Blackout was expected to commence at 6 pm; although streetlights were doused and most shops were shut, the city appeared ablaze from a 12th-floor hotel room on Avenue Taleqani. Strange though it may sound, Teheran has no air-raid sirens. When the second Iraqi air raid after the war broke out occurred on Christmas eve (the first, on 22 September, had hit Mehrabad airport and the Paykan auto factory) the ‘red alert’ was played through the city’s radio and television to a populace that calmly continued to sup.
Soon after the revolution, Ayatollah Khomeini fumed to Italian journalist Oriana Fallaci about “the coquettes who put on makeup and go into the street showing off their necks, their hair, their shapes”. But the chador (an all-enveloping shawl) and the more orthodox hejab (veil) was hard to come by in the milling throngs of women who sported knee-length-boots, stylish skirts, peroxide-blonde hair and (an occasional concession to Islam) more sedate scarves, as headgear.
The Teheranis have been badly affected by shortages stemming from Western economic sanctions and the war. Many of them hope that imports will now be resumed at their old pace since the US hostages have been released.
One thing the Iranians seem to retain is a sense of humour. The number of jokes featuring Khomeini that were circulating in Tehran during my stay seemed to rise with the problems people encountered. An example:
Khomeini dies and reaches heaven’s gates but is barred from. entering by Angel Gabriel. “Allah’s orders,” Gabriel says. “You may not enter.” Who does Khomeini spy grinning at him from the other side but the Shah? Furious, he protests the “blood-sucker’s” presence and obtains a two- minute audience with Allah.
He finds Allah pacing up and down in agony, trying to sit on his throne and jumping up with a yell of pain. “I know Pahlavi killed many people and I know you are upset at his admittance to heaven,” roars Allah. “But you have sinned more. Your boys keep firing into the air without reason, and my bottom’s all peppered!”
Doubly sacrilegious, considering the joke pokes fun at. both the Imam and at Allah.
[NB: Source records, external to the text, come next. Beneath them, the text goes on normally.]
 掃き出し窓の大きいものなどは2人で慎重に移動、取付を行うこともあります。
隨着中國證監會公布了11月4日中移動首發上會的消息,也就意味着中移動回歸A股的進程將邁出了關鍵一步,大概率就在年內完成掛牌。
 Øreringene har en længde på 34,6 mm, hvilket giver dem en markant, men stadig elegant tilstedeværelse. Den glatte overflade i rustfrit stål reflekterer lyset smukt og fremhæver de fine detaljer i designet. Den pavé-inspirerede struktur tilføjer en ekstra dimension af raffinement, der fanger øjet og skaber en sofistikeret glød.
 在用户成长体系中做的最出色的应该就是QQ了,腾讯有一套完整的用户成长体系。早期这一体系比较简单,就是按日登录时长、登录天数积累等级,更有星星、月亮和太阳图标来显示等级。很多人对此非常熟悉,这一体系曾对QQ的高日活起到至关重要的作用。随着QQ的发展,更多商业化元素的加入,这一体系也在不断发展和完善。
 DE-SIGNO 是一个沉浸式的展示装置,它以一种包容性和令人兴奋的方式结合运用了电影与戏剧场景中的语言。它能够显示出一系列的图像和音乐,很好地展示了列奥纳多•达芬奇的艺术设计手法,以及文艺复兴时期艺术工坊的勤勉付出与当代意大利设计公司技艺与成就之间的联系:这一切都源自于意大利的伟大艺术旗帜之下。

Rationing: Iran has continued to export oil after the war broke out, but petrol, which used 4to cost 10 Rials (about Re 1.10) a litter now costs 45 Rials (about Rs 5) a litter. Private cars are allotted a strict ration of 45 litres a month-infinitesimal considering the gas guzzlers the Iranians drive. Offices work until 3.30 pm and blackout begins at six, so traffic is generally much thinner than in the Shah’s hey-day. Public transport consists of Mercedes-Benz and Leyland buses (which continue to be well-maintained) and point to point taxis that ferry passengers at economical rates.
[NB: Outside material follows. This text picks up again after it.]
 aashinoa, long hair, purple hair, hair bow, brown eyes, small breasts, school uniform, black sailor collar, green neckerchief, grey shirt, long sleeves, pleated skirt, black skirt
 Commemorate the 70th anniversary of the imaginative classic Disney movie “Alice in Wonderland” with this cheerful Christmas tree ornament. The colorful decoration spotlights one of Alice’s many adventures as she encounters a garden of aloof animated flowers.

Although the government has banned imports of a host of luxury goods, as well as automobiles and car tyres, there is no dearth of foreign merchandise in Teheran’s shops. Each Iranian carries an identity card that has to be produced for a variety of purposes. In a nation where essential commodities used to be freely available, rationing has become a sore point.
Each citizen is entitled (on the basis of ration coupons) to five kg of sugar a month (at Rs 2.60 per kg), 20 litres of kerosene per week (insufficient to keep giant room-heaters going), and heating oil for central- heating systems. Eggs are really scarce, sold in kilograms, and pounced upon at first sight (at Rs 25 a kg), rice (American, smuggled in through Dubai) costs about Rs 24 a kg, and meat is exorbitantly expensive-720 rials (about Rs 78.50 per kg). Chicken is cheaper, at Rs 24 a kg, while milk and bread are also very difficult to find.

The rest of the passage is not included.